Segment Start: Source material

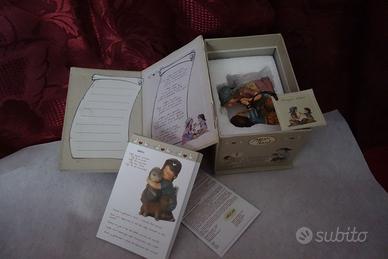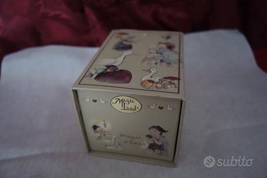 L'oggetto è nuovo, con la sua bella scatola in cartoncino rigido con chiusura a calamita, corredata di foglietto e del pieghevole con le immagini dei vari pezzi della magica collezione. C'e anche il bigliettino legato al braccio del piccolo elfo riportante il nome e il numero di codice del pezzo ("Elfi del Gioco" MGG02). Insomma, la confezione completa, e nuova.
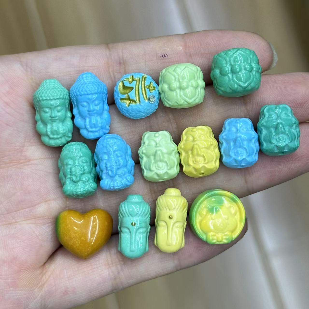 高瓷菱镁矿绿松石长脸佛象神九尾狐并蒂莲配件手工diy文玩时尚配
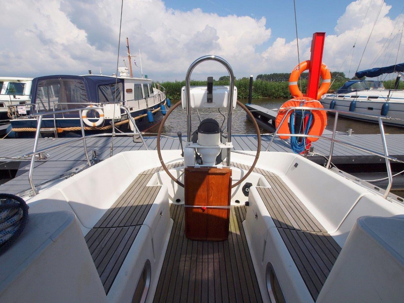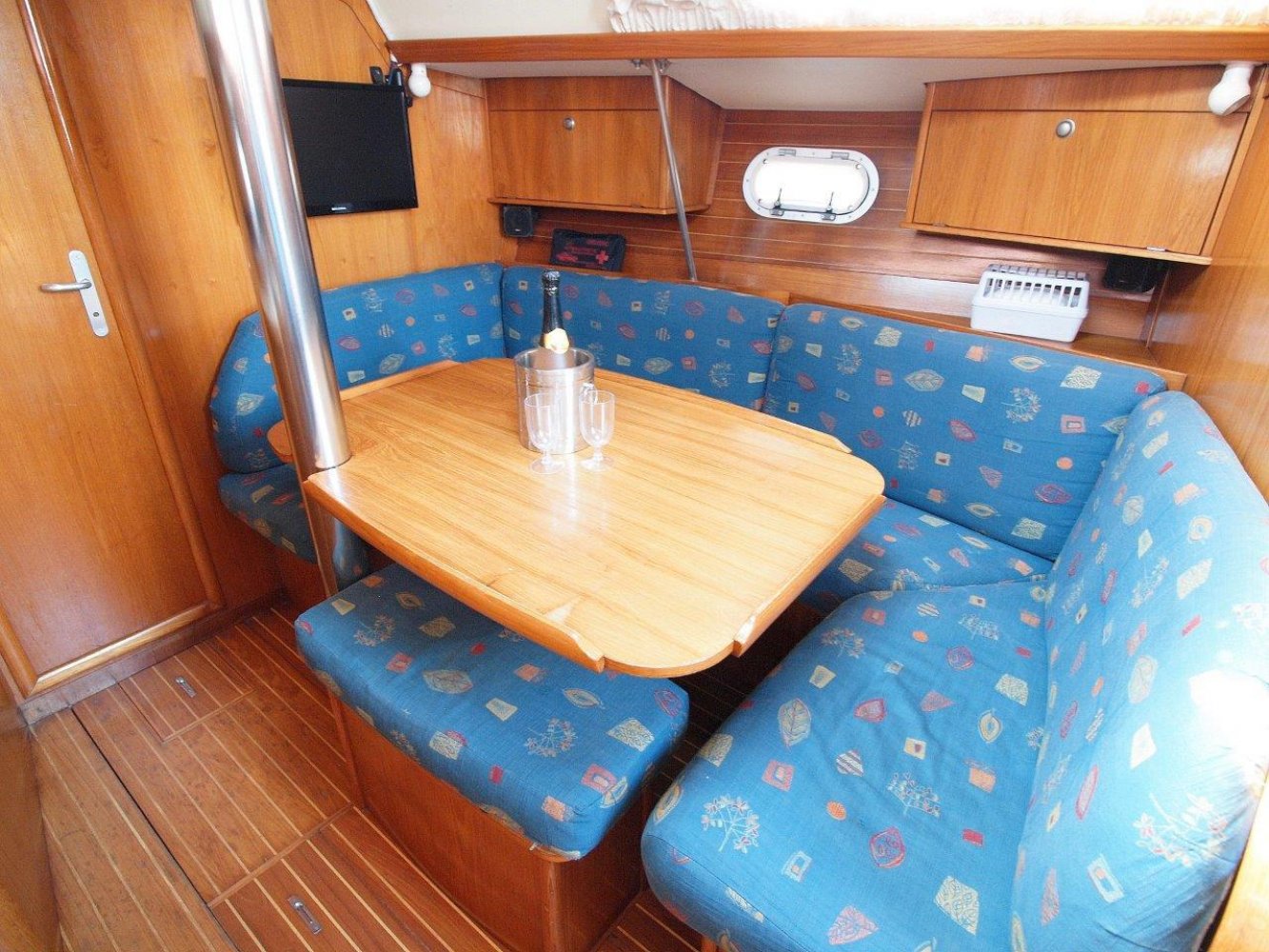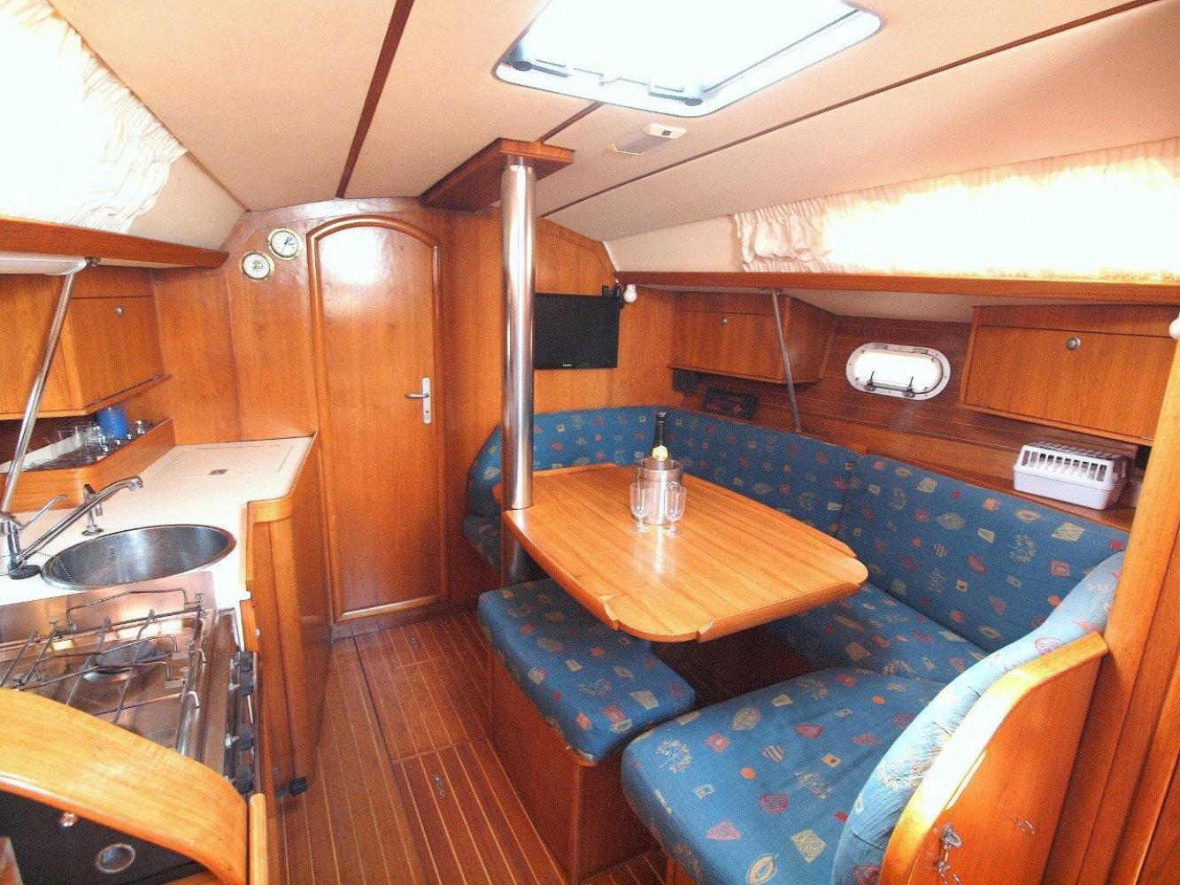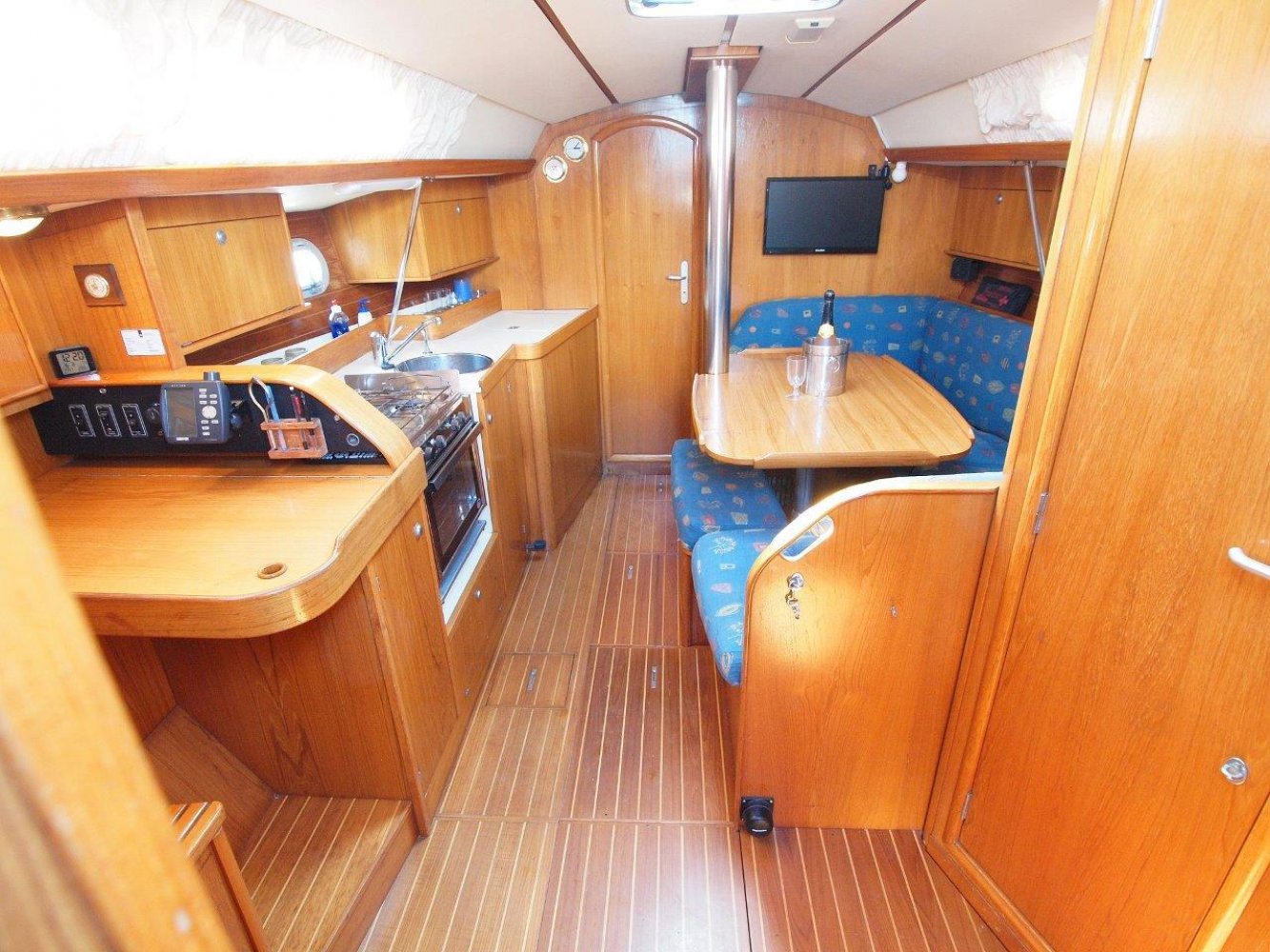 Deze leuke Jeanneau 33 in de praktische 3 hutten uitvoering kunnen wij u aanbieden voor een interessante prijs. Zoals elke Jeanneau is ook deze 33 een lekker zeilend maar ook erg praktisch schip. De kuip is ruim, de gangboorden gemakkelijk toegankelijk en het interieur is van alle gemakken voorzien. De kuip biedt u niet alleen een comfortabele plek, hier treft u uiteraard ook het stuurwiel en de nodige instrumenten aan. Op de stuurstand vindt u de kaartplotter en de bediening van de automatische piloot en radio/cd speler. Tegen de kajuit opbouw zijn nog extra meters geplaatst voor windsnelheid/richting en natuurlijk de snelheid van het schip en de diepte. De salon is handig ingericht en van alle gemakken voorzien. Bij binnenkomst treft u aan bakboord een ruime kaartentafel aan met aansluitend een in lengte richting geplaatst kombuis. Hier tegenover is een riante rondzit met een tafel in het midden. Naast deze rondzit vindt u de natte cel met uiteraard een toilet en een douche gelegenheid. In de voorpiek is de eerste tweepersoonshut met voldoende opbergruimte en zelfs een eigen wasbakje. En in de achterhut zijn de overige twee dubbele hutten met ook hier de nodige opbergruimte. Kortom, met dit schip kunt u zes personen laten overnachten en de salon nog vrij houden, en dat op 33 voet! Mocht u opzoek zijn naar een praktisch schip met overzichtelijke buitenmaten maar wel ruimte voor uw gezin, dan is deze Jeanneau 33 met zijn drie hutten zeker de moeite waard. Dit schip heeft cosmetisch wel wat liefde nodig (wat butsen en krassen opgelopen in de loop van de jaren) maar het is werkelijk vaarklaar voor een nieuw eigenaar en wordt daarom ook aangeboden voor een interessante prijs. Als uw interesse gewekt is, neem dan zeker contact met ons op via tel.nr. 0168-820 208 of email: [email protected]

Segment End: Source material

Exercise: Restate word for word the lines running from the first line of the material to the line containing "高瓷菱镁矿绿松石长脸佛象神九尾狐并蒂莲配件手工diy文玩时尚配", inclusive, and drop every picture.

Your solution:
 L'oggetto è nuovo, con la sua bella scatola in cartoncino rigido con chiusura a calamita, corredata di foglietto e del pieghevole con le immagini dei vari pezzi della magica collezione. C'e anche il bigliettino legato al braccio del piccolo elfo riportante il nome e il numero di codice del pezzo ("Elfi del Gioco" MGG02). Insomma, la confezione completa, e nuova.
 高瓷菱镁矿绿松石长脸佛象神九尾狐并蒂莲配件手工diy文玩时尚配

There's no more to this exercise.